*RECORD EXCERPTS*.
▼
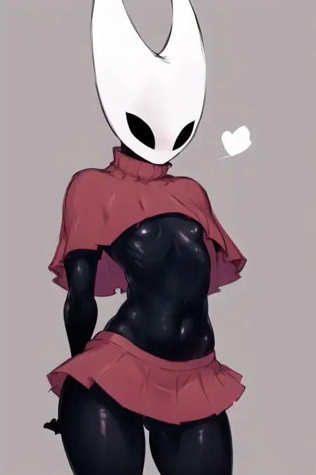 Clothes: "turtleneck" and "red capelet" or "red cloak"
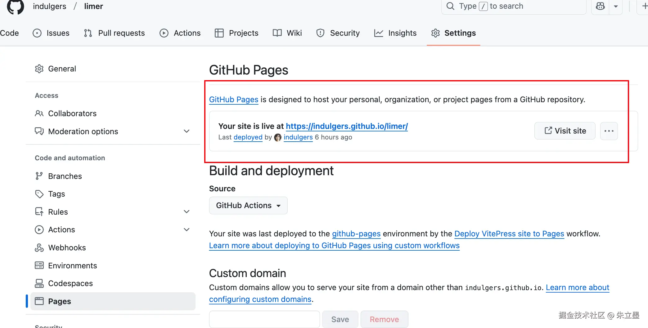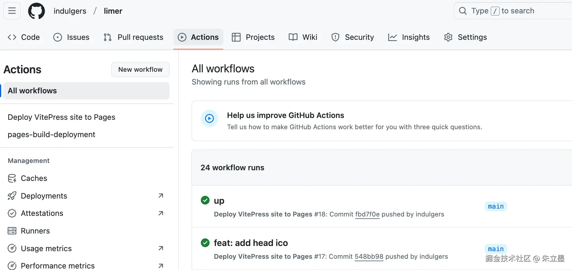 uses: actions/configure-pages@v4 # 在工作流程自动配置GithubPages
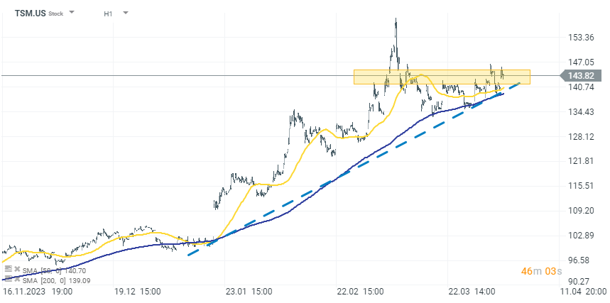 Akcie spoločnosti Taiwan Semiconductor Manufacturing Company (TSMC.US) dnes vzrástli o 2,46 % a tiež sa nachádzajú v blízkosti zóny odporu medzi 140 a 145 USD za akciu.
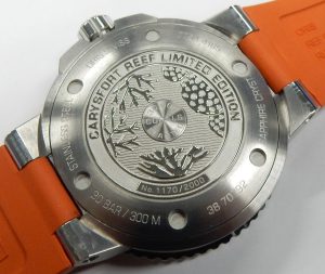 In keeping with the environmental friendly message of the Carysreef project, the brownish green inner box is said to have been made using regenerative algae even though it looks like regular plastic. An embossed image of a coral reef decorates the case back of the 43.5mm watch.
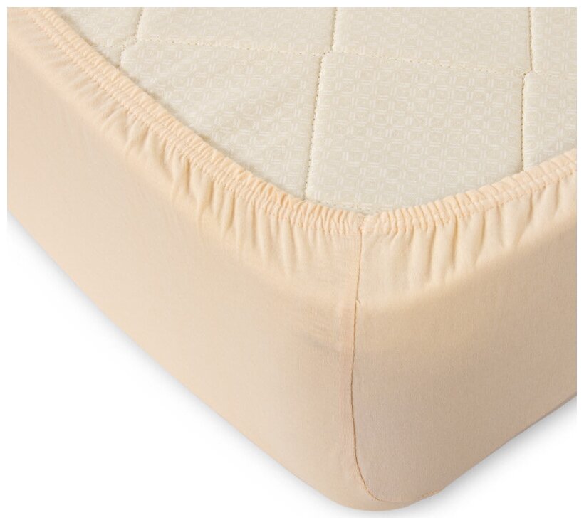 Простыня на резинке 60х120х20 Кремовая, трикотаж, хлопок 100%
▲
▼
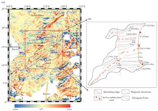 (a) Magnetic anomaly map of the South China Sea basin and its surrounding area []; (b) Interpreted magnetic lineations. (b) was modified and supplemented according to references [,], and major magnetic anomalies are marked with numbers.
▲
*WORK ITEM*. Reproduce the lines above beginning at the line that contains "uses: actions/configure-pages@v4 #" and ending at the line that contains "Простыня на резинке". No pictures.

*SOLUTION*.
 uses: actions/configure-pages@v4 # 在工作流程自动配置GithubPages
 Akcie spoločnosti Taiwan Semiconductor Manufacturing Company (TSMC.US) dnes vzrástli o 2,46 % a tiež sa nachádzajú v blízkosti zóny odporu medzi 140 a 145 USD za akciu.
 In keeping with the environmental friendly message of the Carysreef project, the brownish green inner box is said to have been made using regenerative algae even though it looks like regular plastic. An embossed image of a coral reef decorates the case back of the 43.5mm watch.
 Простыня на резинке 60х120х20 Кремовая, трикотаж, хлопок 100%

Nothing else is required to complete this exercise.